Senator
- In office 11 December 1922 – 31 December 1927

Senate of Southern Ireland
- In office May 1921 – 27 May 1922

Member of the House of Lords
- Lord Temporal
- Representative Peer of Ireland 14 July 1890 – 31 December 1927
- Preceded by: The 6th Earl of Milltown
- Succeeded by: None

Personal details
- Born: Dermot Robert Wyndham Bourke 1 July 1851
- Died: 31 December 1927 (aged 76) London, England
- Spouse: Geraldine Sarah Ponsonby ​ ​(m. 1885)​
- Parent: Richard Bourke (father);
- Education: Eton College
- Allegiance: United Kingdom
- Branch: British Army
- Unit: 10th Hussars; Grenadier Guards;

= Dermot Bourke, 7th Earl of Mayo =

Irish peer (1851–1927)

Dermot Robert Wyndham Bourke, 7th Earl of Mayo (/bɜːrk/; BURK; 2 July 1851 – 31 December 1927) was an Anglo-Irish peer, styled Lord Naas (/neɪs/; NAYSS) from 1867 to 1872, who served as an Irish representative peer in the British House of Lords (1890–1921) and member of the Senate of Southern Ireland (1921–1922) and Seanad Éireann (1922–1927).

==Life==
He succeeded as Earl of Mayo on the assassination of his father Richard Bourke, 6th Earl of Mayo in 1872. He was educated at Eton, and was an officer in the 10th Hussars and the Grenadier Guards. In 1890 he was elected as an Irish representative peer and took his seat in the House of Lords. He was appointed a Knight of the Order of St Patrick on 3 February 1905.

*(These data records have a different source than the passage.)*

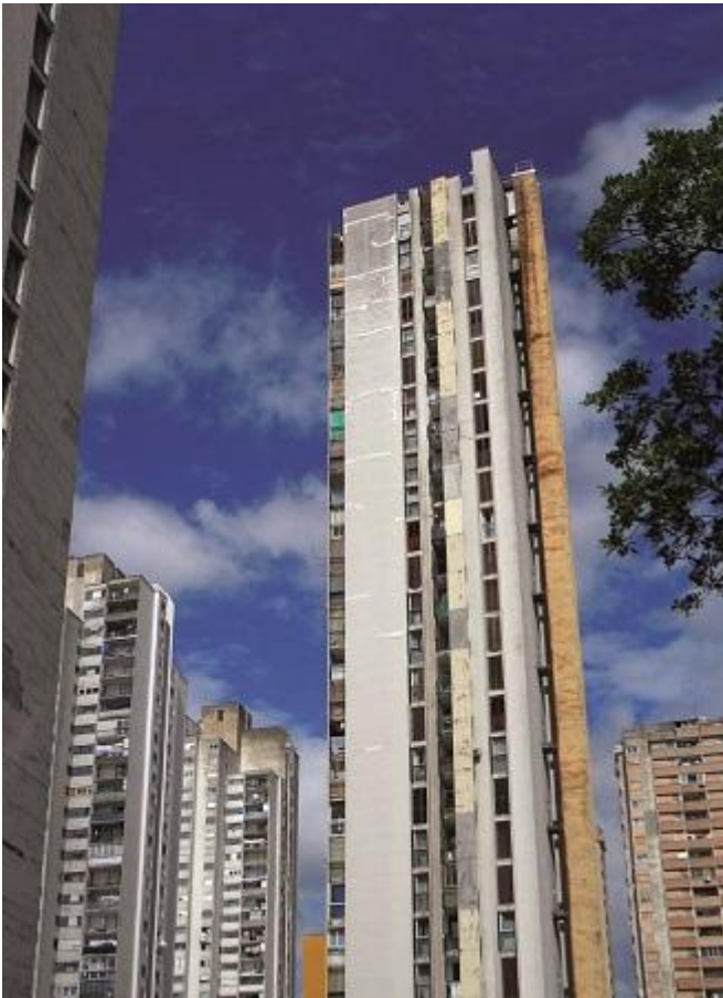
Grattacieli socialisti, Rjeka-Fiume (HR)

A sua volta però, il testo è frutto di un intreccio. Tra la descrizione delle cose visibili emerge continuamente un racconto di fatti sociali e politici, di scelte di singoli o di scelte collettive che configurano le ragioni profonde della modificazione dei paesaggi.
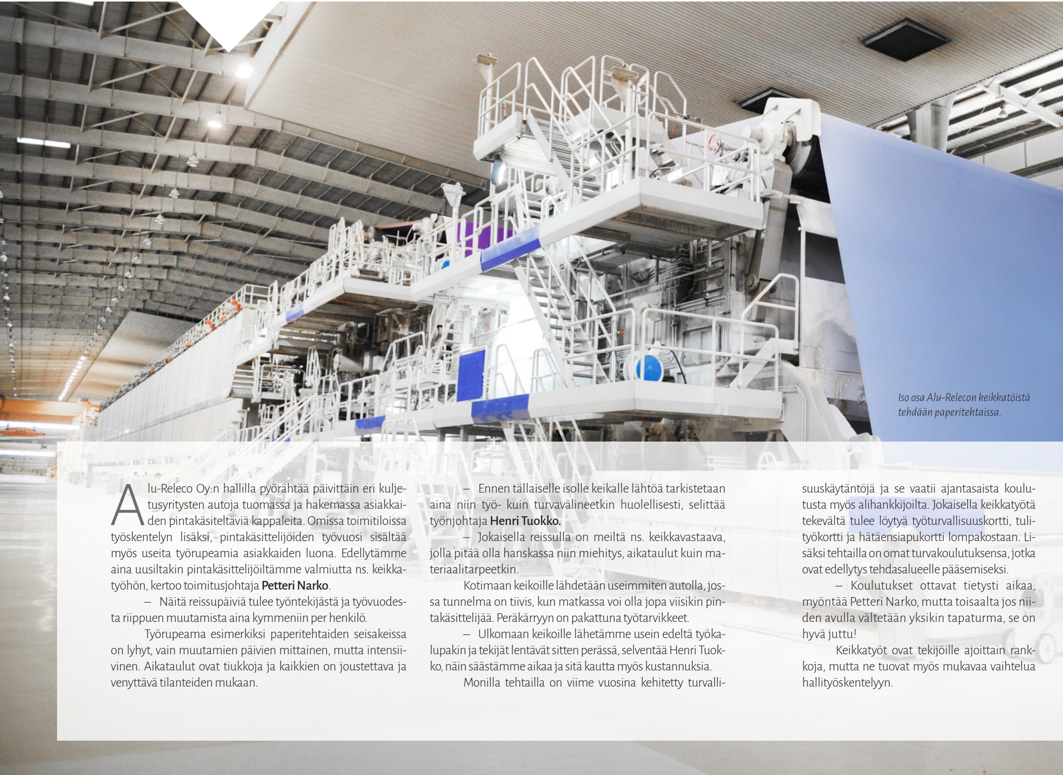
Iso osa Alu-Relecon keikkatöistä tehdään paperitehtaissa.
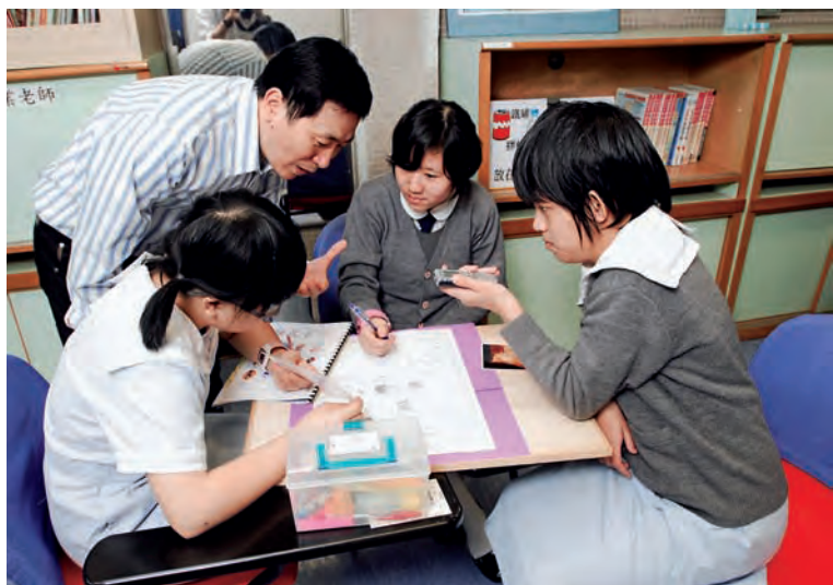
老師引導學生進行分組合作學習

小組教師樂意及積極將課程設計及教學實踐的經驗與同行分享，由2003年開始，學校獲選為「特殊學校暨資源中心」，持續為不同的主流學校及特殊學校提供培訓，為主流學校引入「以圖像組織提升閱讀能力」、「合作學習寫作教學」、「讀寫障礙教學策略」等項目；以及對其他學校教師及家長開設講座，效果顯著。為學校的持續發展，小組教師除了促進校內協作和分享文化之外，亦先後多次成功申請「優質教育基金」發展有關項目，為智障學生帶來無限刺激，啟發他們的創意思考，亦能積極實踐學校的願景和使命。
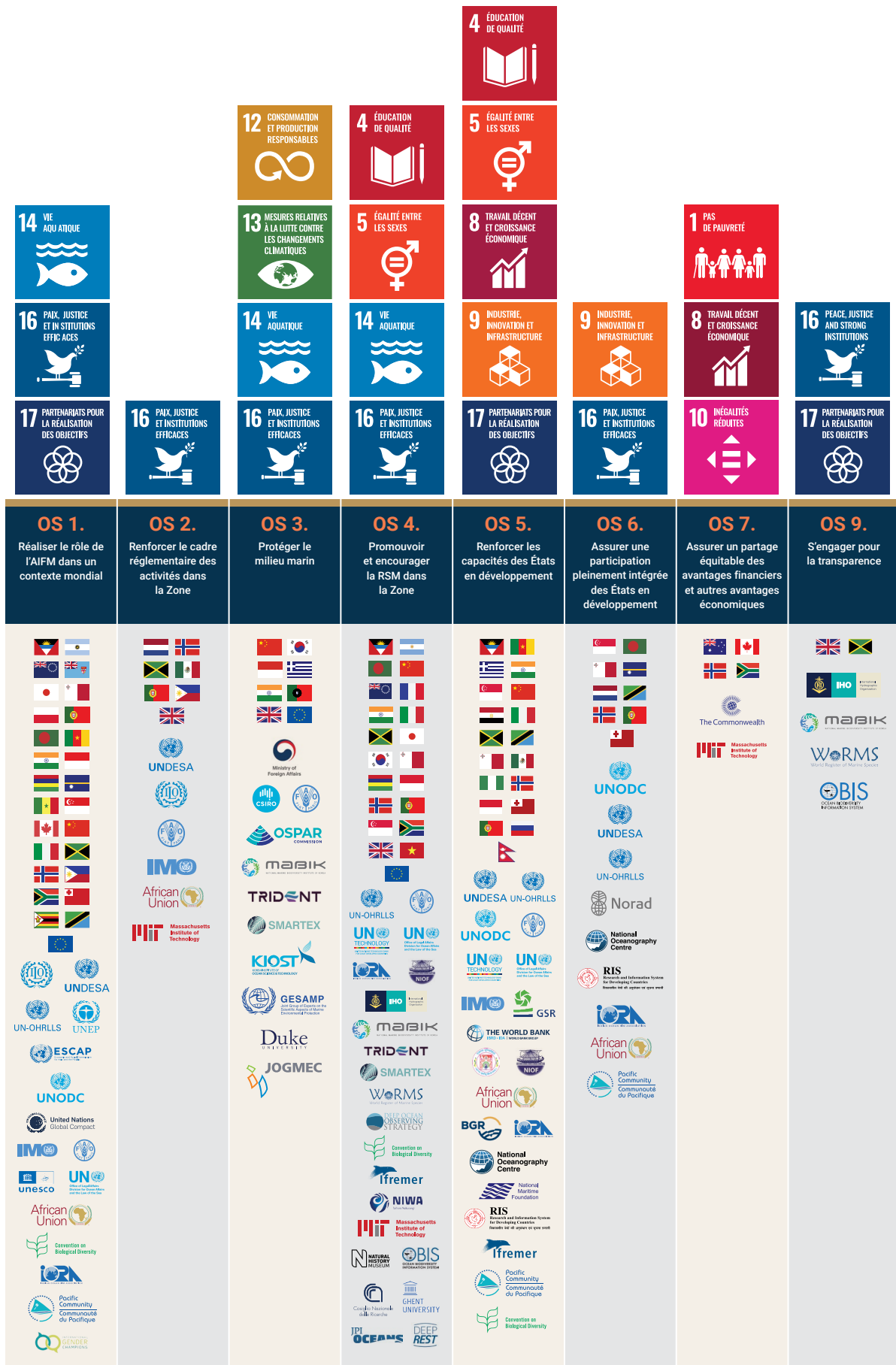
Figure 4. Partenariats stratégiques de l'AIFM et leur contribution aux orientations stratégiques de l'AIFM
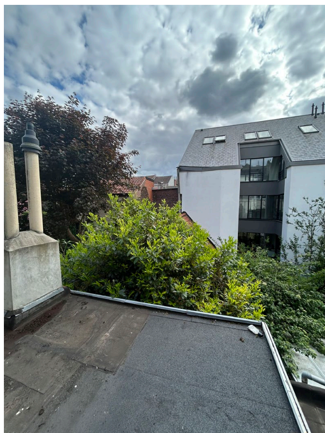
Photo 9 Façade arrière - jardin
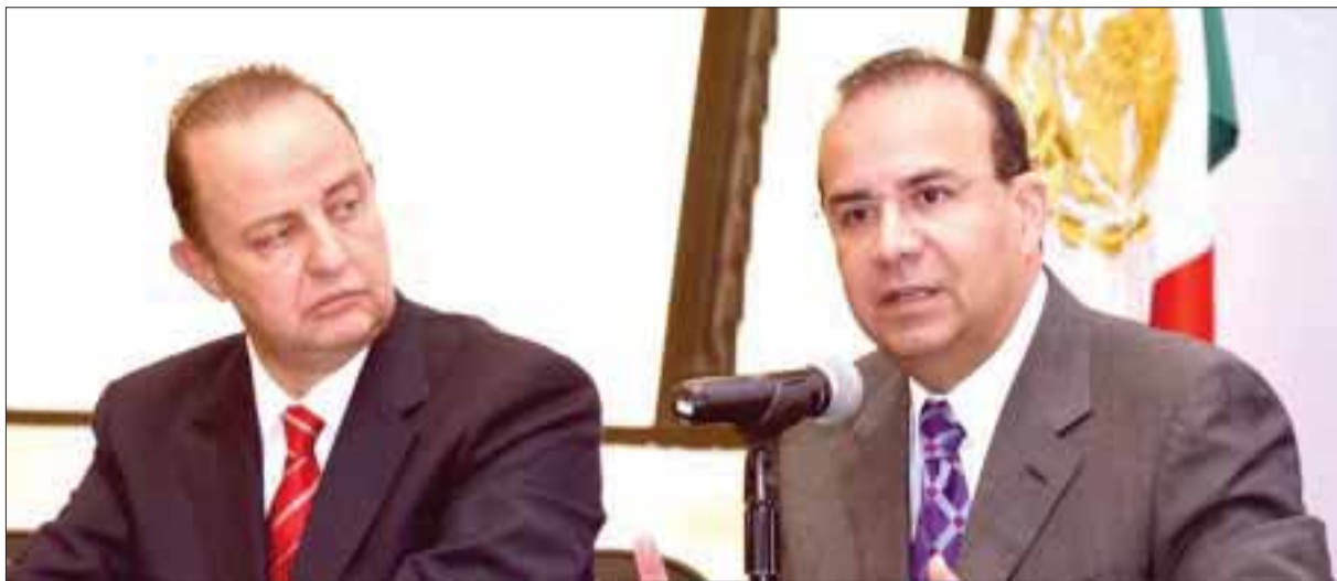
Alfonso Navarrete Prida , titular de la STPS, durante la firma del convenio de la revisión salarial de la CIIRT.

He was one of the four landlord representatives during the 1902 Land Conference. Between 1921 and 1922 he served in the Senate of Southern Ireland. He was nominated by W. T. Cosgrave to the Seanad of the Irish Free State on its formation in 1922. He was nominated for 12 years and served until his death in 1927.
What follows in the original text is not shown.